In contrast, many of the so-called bond proxies which offer income (dividends) as their key attraction are languishing – leading banks such as ANZ and NAB to offer share prices which are virtually unchanged compared to this time last year.
Despite these deep divisions in the market, every investor will gain to some degree as a rising tide lifts all boats.
Underpinned by strong sharemarkets in the run up to Christmas, calendar 2019 offered 13.8 per cent for “median balanced” superfunds, which was the best return since 2013.
Research house SuperRatings says investors can expect more “solid” returns this year.
A broad market lift which carries almost all stocks with it will also be exceptionally useful to the new generation of investors who have been pouring into exchange traded funds (listed index funds) which are designed to reflect the fortunes of the wider market.
But this “hot” market will be toughest on those who are most conservative.
Self-managed super funds with 10 to 20 per cent in cash will have their overall returns diluted despite the strong share markets.

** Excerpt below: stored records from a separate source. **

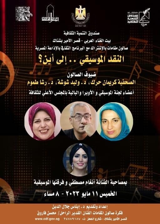 يقيم قصر الأمير بشتاك التابع لقطاع صندوق التنمية الثقافية فى الثامنة مساء الخميس 11 مايو الجاري، "صالون مقامات" والذي يقام هذا الشهر تحت عنوان "الموسيقى إلى أين".
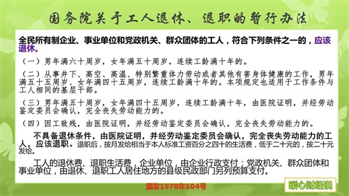 目前我们的退休年龄制度是刚性退休制度,达到退休年龄必须退休。1978年实施的国发104号文件,关于工人退休退职的暂行办法中,所用的表述是“应该退休”,其实法律法规中这样的表述就是必须的意思。
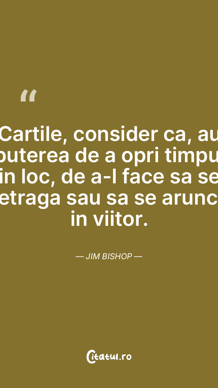 Cartile, consider ca, au puterea de a opri timpul in loc, de a-l face sa se retraga sau sa se arunce in viitor. Jim Bishop
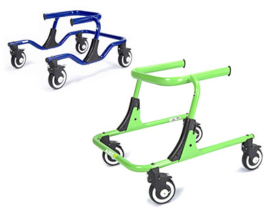 The Moxie GT Gait Trainer offers a tremendous amount of versatility to aid children or adults with stability while they improve their walking ability. The Moxie GT is a height adjustable gait trainer available in 3 different sizes. The Moxie GT can be used in either a posterior or anterior position. The small and medium Moxie GT are available in either green or blue frame colors. The large size is available in a grey frame color.

In a similar fashion “value investors” who have been hoarding cash and waiting for bargains are going to look very ordinary against those who are “fully invested”.
How long will it last?
As we know, January is often a bullish month and gains made through the month can be neutralised later in the year. In some years past the gain in January was not much different than the gains for entire year.
Most analysts are predicting high single digits for share market returns in 2020 and we have put on about 5 per cent already this month, so should we gain more than 4 per cent by the end of the month.
From that point onwards we will be in trading in very thin air.